天体観測
集める・巡る
肉眼で見えていた点が、輪を持った土星になる
どんな趣味?
暗いところで目を慣らし、星図と見比べながら、今夜そこにあるはずのものを探します。望遠鏡を向けて月のクレーターの影が日ごとに伸び縮みするのを見たり、土星の輪や木星の縞と衛星の並びを確かめたり。見えた瞬間そのものより、自分の手で導入できたときの手応えが大きい趣味です。冬は寒さとの我慢比べにもなります。
始めるのに要るもの
いきなり望遠鏡を買う必要はありません。最初の一台は倍率七倍から十倍の双眼鏡で、1万円前後から手に入り、月のクレーターと木星の衛星、すばるの粒までは十分に見えます。入門用の望遠鏡は3万〜5万円程度、架台のしっかりしたものは10万円を超えます。星図アプリは無料のもので足ります。
最初の一歩
今週末は、月が細い夜を選び、双眼鏡を持って近所の公園か河川敷へ出てみてください。街灯を背にして十分ほどじっと待つと目が暗さに慣れ、見える星の数が変わります。まずは月と、いま出ている明るい惑星をひとつ導入するだけで十分です。満月に近い夜は月明かりで暗い星が見えにくくなるので、行く日付は月齢で決めます。
続けるとどうなるか
続けると、季節ごとにどの星座がいつ南に来るかが体に入り、月齢と天気予報を見て今夜は行けると判断できるようになります。そこから先は、より暗い空を求めて標高の高い場所へ通うか、カメラを載せて撮影に進むかの二択で、後者は赤道儀と画像処理の世界に入ります。キャンプや写真と組み合わせる人が多い趣味です。
向き不向き・注意
夜間の屋外は寒さが本番で、冬は日中の予報より体感がはるかに低く、防寒を軽く見ると三十分でやめたくなります。暗い場所は足元も危ないうえ、私有地への進入や路上駐車は通報の元です。人家の近くで長時間じっとしているのも避けてください。天気に完全に左右され、予定した日に一度も晴れない月もあります。機材は架台と光学系に手を出すと十万円単位で伸び、道具沼にはまる典型でもあります。

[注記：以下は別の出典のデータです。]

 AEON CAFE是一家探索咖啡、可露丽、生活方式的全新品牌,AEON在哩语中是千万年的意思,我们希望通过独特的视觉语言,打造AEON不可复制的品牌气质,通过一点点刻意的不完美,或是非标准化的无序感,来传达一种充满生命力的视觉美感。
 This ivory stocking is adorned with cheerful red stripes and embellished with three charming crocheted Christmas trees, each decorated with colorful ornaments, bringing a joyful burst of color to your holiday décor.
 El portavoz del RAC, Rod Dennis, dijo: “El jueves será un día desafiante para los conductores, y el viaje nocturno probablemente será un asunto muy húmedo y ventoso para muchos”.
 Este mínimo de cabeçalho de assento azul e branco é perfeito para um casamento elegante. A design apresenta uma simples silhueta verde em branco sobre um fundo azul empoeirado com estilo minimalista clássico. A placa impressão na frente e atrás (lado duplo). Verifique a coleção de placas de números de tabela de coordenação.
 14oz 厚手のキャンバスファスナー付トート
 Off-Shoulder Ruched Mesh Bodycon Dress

解説動画: 低倍率の星空双眼鏡が星を増やす仕組みと使い勝手/星空ガイドが語る宇宙の話
概要: 出かけた先で思いがけずよい星空に出会った時のために、小型で持ち運べる低倍率の双眼鏡を紹介する。裸眼より多くの星が見える理由を星の数で説明したうえで、実機を開封して作りや調整部分を確かめ、ストラップの正しい付け方、そして実際に夜空を見た感想までを話す。
見える星が増える仕組み: 星は距離に関係なく明るさだけで見えるかどうかが決まると説明する。裸眼で見えるのは条件がよくておよそ3000個。全天の星数は1等星が21個、3等星まで278個、5等星まで2988個で、6等星まで届けば倍以上、7等星までなら8倍以上の2万4千個台に増える。天体望遠鏡ならさらに暗い星まで見えるが、視野が狭くて一度に見える星が少なく、すぐ用意できないという弱点があるとしている。

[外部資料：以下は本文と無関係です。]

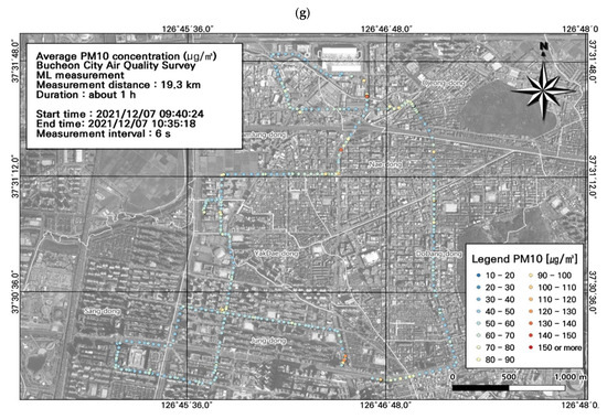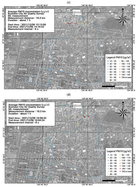 Among the seven measurement runs, the highest PM10 concentration (91.8 ± 17.6 µg/m3) was detected during typical evening rush hour, followed by morning rush hour (79.6 ± 19.7 µg/m3) (Figure 5a,e; Table 3). The spatiotemporal distributions confirmed high PM10 concentrations during commuting hours in the areas near the Nae-dong, Gyeongin-ro, and Ojeong-dong ready-mix concrete complex. During morning rush hour, the highest PM10 concentration was 190 µg/m3 in the Nae-dong and Gyeongin-ro areas. During evening rush hour, the highest PM10 concentration was 200.7 µg/m3 in the areas of the Nae-dong, Gyeongin-ro, and Ojeong-dong ready-mix concrete complex. These findings confirm high contributions of roadside mobile emissions to air pollution; accordingly, careful management of these areas is necessary during commuting hours.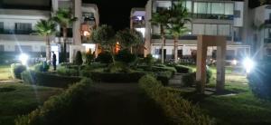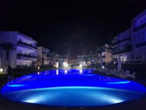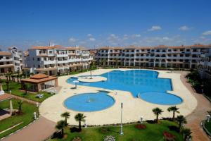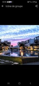 Duplex résidentiel Bord de mer is a beachfront apartment in Casablanca offering a private pool and direct access to the coastline. This residence combines two bedrooms with two living rooms and features a terrace that opens from the interior, providing guests with outdoor lounge seating including sun loungers.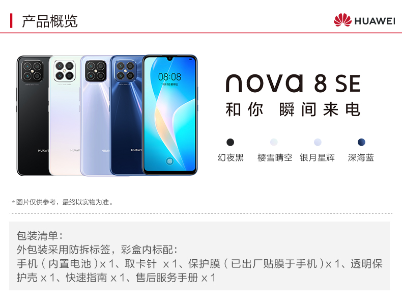 HUAWEI華為nova8SE新款華為智能手機(jī)大屏全網(wǎng)通6400萬(wàn)高清四攝66W超級(jí)快充OLED華為官方旗艦店老人機(jī) 櫻雪晴空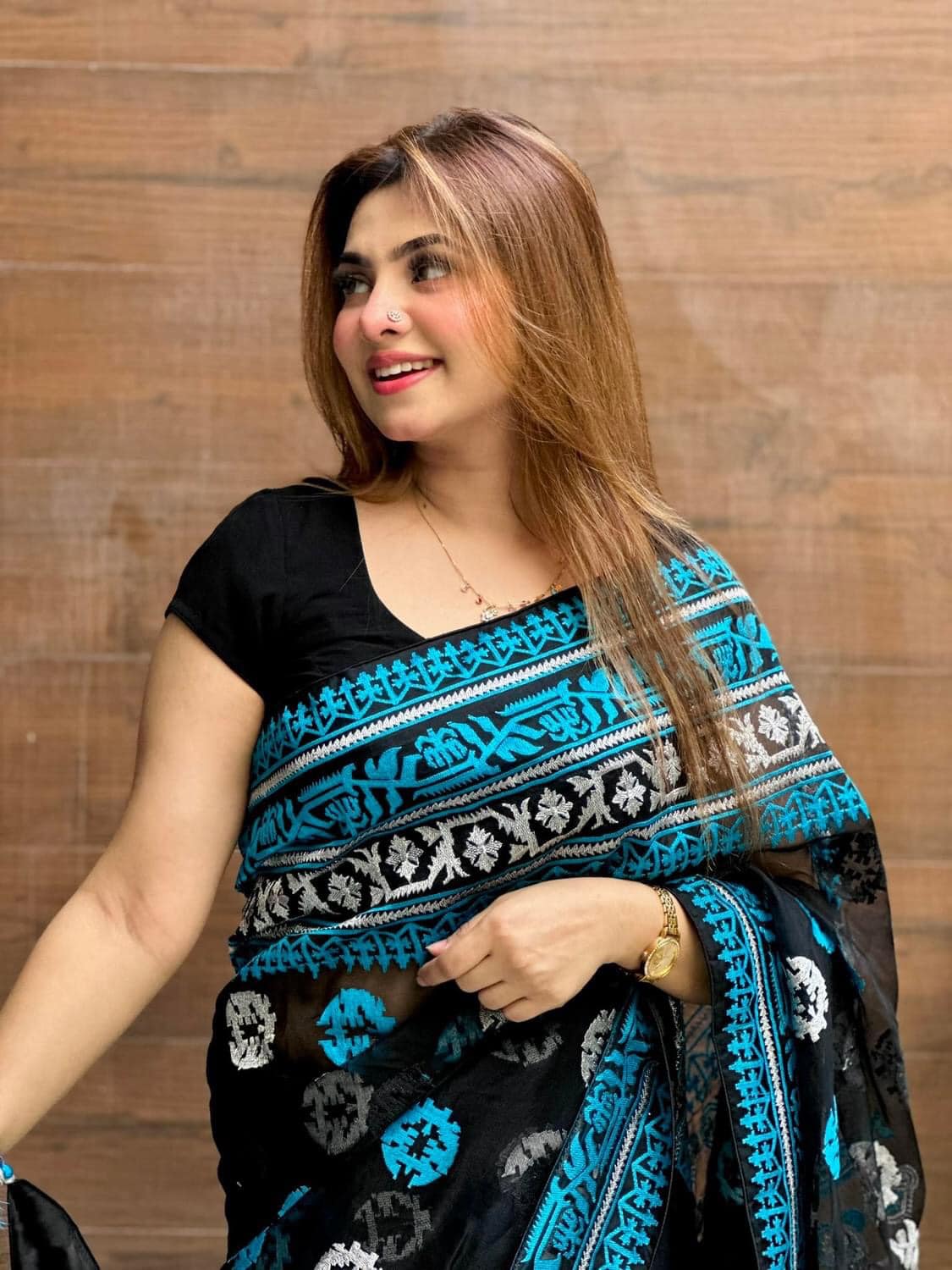 ছাড়জামদানী ইন্সপায়ার্ড জাপানি সিল্ক স্কিন ও এম্বুস প্রিন্ট শাড়ি।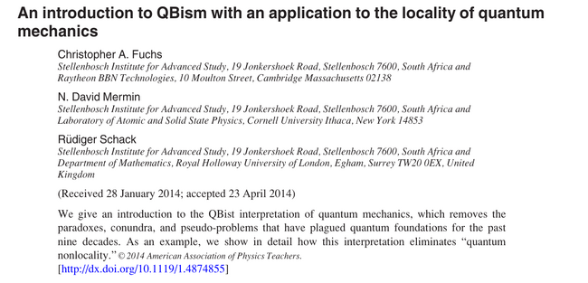 An introduction to QBism with an application to the locality of quantum mechanics. C. A. Fuchs, N. D. Mermin and R. Schack in Am. J. Phys. 82:749 (2014).  What the paper says!?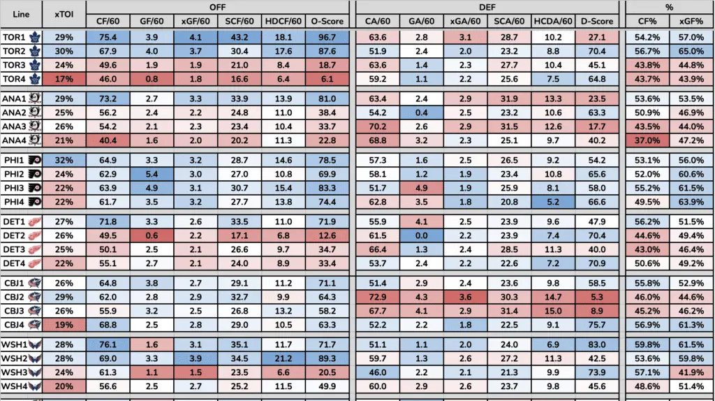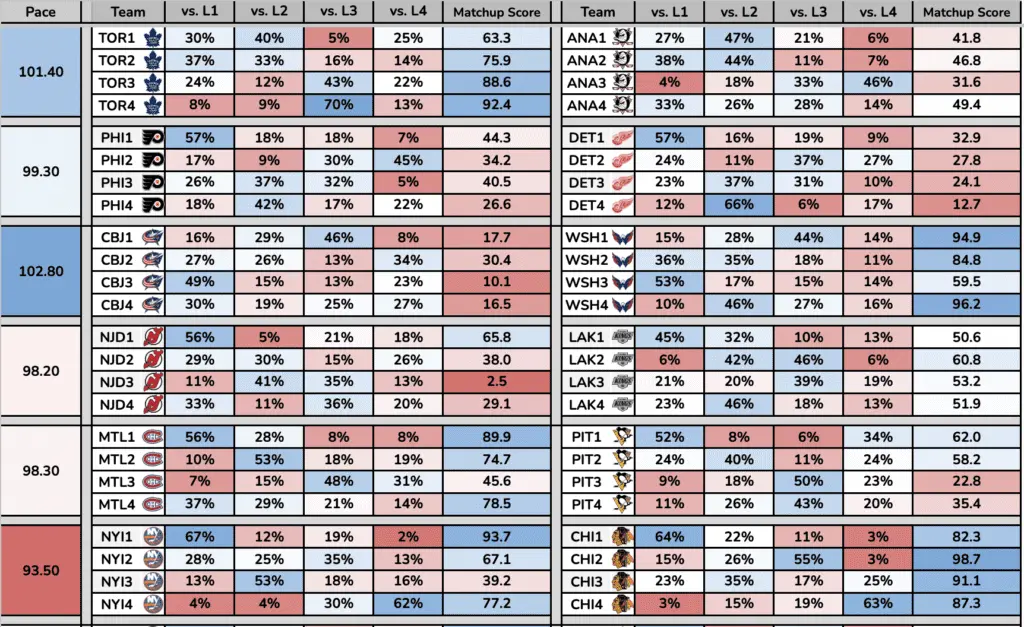 Matchups are based on historical data on how a home team deploys their lines at 5v5. The percentage is the projected percentage that each line is expected to face other lines.

機材の特徴: 取り上げているのは倍率2倍・実視野36度・重さ384gの星空双眼鏡。以前使っていた口径40mm・倍率2.3倍の機種と比べ、同じ明るさのまま3割近く広く見渡せるという。口径が54mmになったことで各種フィルターを直接取り付けられるようになった。眼幅は58mmから78mmまで調整でき、レンズに色が付いていないので星の色をそのまま見られる。視度調整は左右独立で、やや固く移動中にピントがずれない。
注意点: ストラップは付け方を間違えると首にかけている時に抜けて落ち、本体を壊すので、向きが重要だと強調している。接眼側が体から離れ、対物側が体に近くなる向きが正しい。取り付けは、プラスチック部品に通っている内側の帯だけを抜き、大きいレンズ側から小さいレンズ側へ本体の取り付け部に通し、元通りに部品へ戻す。通した先端は少し余裕を残しておく。

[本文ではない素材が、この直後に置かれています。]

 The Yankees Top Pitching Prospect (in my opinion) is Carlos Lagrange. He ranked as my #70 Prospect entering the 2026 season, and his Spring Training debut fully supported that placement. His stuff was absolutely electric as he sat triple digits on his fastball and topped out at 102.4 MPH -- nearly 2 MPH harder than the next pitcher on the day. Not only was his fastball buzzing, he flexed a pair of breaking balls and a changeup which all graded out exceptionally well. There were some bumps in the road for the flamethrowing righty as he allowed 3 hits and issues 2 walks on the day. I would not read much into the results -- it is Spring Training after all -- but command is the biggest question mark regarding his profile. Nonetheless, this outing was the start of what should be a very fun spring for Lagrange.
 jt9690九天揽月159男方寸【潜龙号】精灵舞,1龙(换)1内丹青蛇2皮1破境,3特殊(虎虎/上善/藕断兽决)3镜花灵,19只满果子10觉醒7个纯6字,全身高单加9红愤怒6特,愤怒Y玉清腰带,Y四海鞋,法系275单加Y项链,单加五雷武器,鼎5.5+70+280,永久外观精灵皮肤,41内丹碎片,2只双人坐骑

使ってみて: 昼間は倍率が2倍なので裸眼とほとんど変わらず、明るさが増した実感もない。晴れた夜に持ち出すと、明るい星の周りにそれまで見えていなかった星が次々に現れたという。前情報なしで覗いた同行者も、裸眼との差に驚いていたと話す。車に常備しておけば偶然の星空にもすぐ対応できる手軽さが、天体望遠鏡にない魅力だとまとめている。